Sorry this got so long. It's been over two hours and I'm still in a bit of a state and I felt like it would be good to write it down while it was still fresh in my mind if I report it in the morning as well as just getting it out for my own sake. What fucks me up even more about this is that there I know at least one group of people walked past him without (seemingly) caring about it. But then again, I didn't really do anything either.

Tl;dr Saw a little kid bawl outside a house at night, unsure whether or not to call child protective services

Re: Need advice on what to do TW: possible child abuse

(Anonymous) 2015-08-17 11:34 pm (UTC)(link)
Yeah call CPS. It is very odd (and dangerous) for a child to be outside so late.

Re: Need advice on what to do TW: possible child abuse

(Anonymous) 2015-08-17 11:42 pm (UTC)(link)
First, honestly I think you did the right thing by leaving. If there's abuse going on and the abuser(s) saw you talking to him, the already bad situation could have escalated, with either him getting hurt for being so obvious, or you getting hurt for knowing something you weren't supposed to.

That being said, I would definitely call child protective services.

Re: Need advice on what to do TW: possible child abuse

(Anonymous) 2015-08-17 11:43 pm (UTC)(link)
Well, he may have been crying because his mother said he couldn't have a cookie before bed, you know? And yes, it couldve sounded like you describe, but kids do that sometimes, they have tantrums in which they scream bloody murder and it sounds godawful! I don't think it's ridiculous for you to be concerned about a kid, but don't get worked up about it too much, I think chances are he was just tired and having a tantrum.

Re: Need advice on what to do TW: possible child abuse

(Anonymous) 2015-08-17 11:47 pm (UTC)(link)
SA

I missed the part about the kid being outside...yeah that is weird, but again I am inclined to believe there are other explanations besides the kid is being abuses. However, if you think you should call CPS then go with that. You have a better sense of what you saw than I do.
philstar22: (Default)

Re: Need advice on what to do TW: possible child abuse

[personal profile] philstar22 2015-08-17 11:55 pm (UTC)(link)
I'd say personally I'd always air on the side of calling. CPS can sort it out, and if there is nothing then nothing bad will happen. There is enough here, I think, to warrant calling.

Re: Need advice on what to do TW: possible child abuse

(Anonymous) 2015-08-17 11:58 pm (UTC)(link)
If you see him again, how about asking him if he's okay? Say that you regret not stopping the last time. If his answer suggest child abuse, make an alarm call. If not, why don't you make a new friend in your neighborhood; one you at least can smile, wave and say hello to as you pass?

Also, how about training on smiling and saying hello to your neighbors generally? It might help you with your own insecurities. Besides, it's nice.
belladonna_took: richard armitage (Default)

Re: Need advice on what to do TW: possible child abuse

[personal profile] belladonna_took 2015-08-18 01:39 am (UTC)(link)
Report it. Hopefully they'll send someone out to check up on the family. If you see anything that makes you think the kid is in immediate danger, call the cops.

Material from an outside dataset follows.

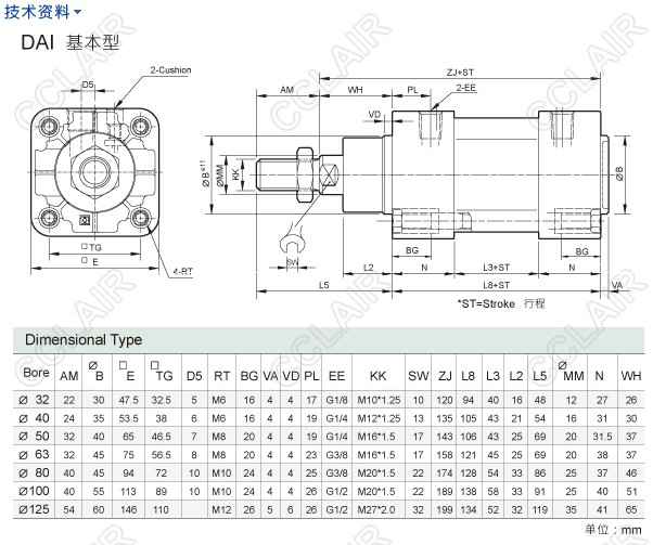 DAIE-32M50,DAIE-32M75,DAIE-32M100,DAIE-32M125,DAIE-32M150,DAIE-32M200氣缸

Do not get personally involved. People who will hurt or terrorise their own kids probably won't hesitate to hurt a nosy stranger. Don't lurk around the house. Don't look through windows. Don't talk to the kid.

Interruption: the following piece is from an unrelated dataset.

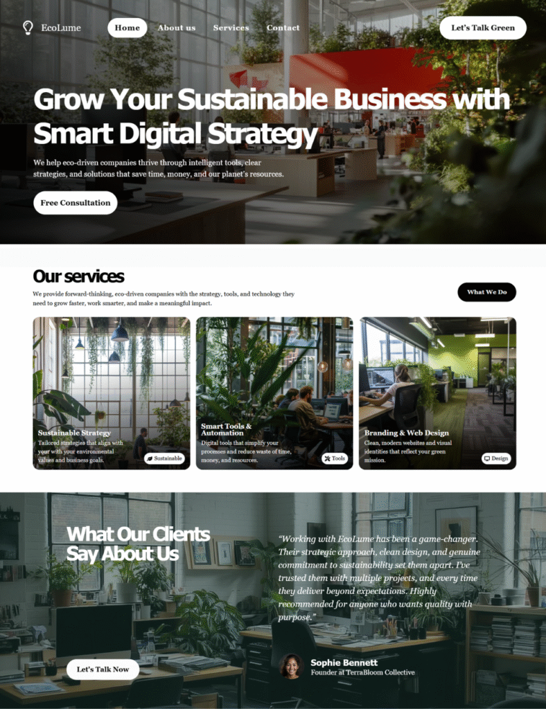 Un template Elementor pulito, professionale ed eco-consapevole progettato per aziende sostenibili e startup green.

Even the suggestion of someone sticking their nose where it doesn't belong could be enough to set them off. If they don't hurt you, they may punish the kid for attracting too much attention.

The system is far from perfect, but the people in it have the training and authority to handle whatever comes up. If they cause an upset, they can remove the kid from that situation. You can't.

I can't actually explain in words how terrifying it is when someone well-meaning would start asking questions and I knew no matter how I answered them or how well I behaved or how quiet I was, I was going to be punished. Please do not put a kid through that.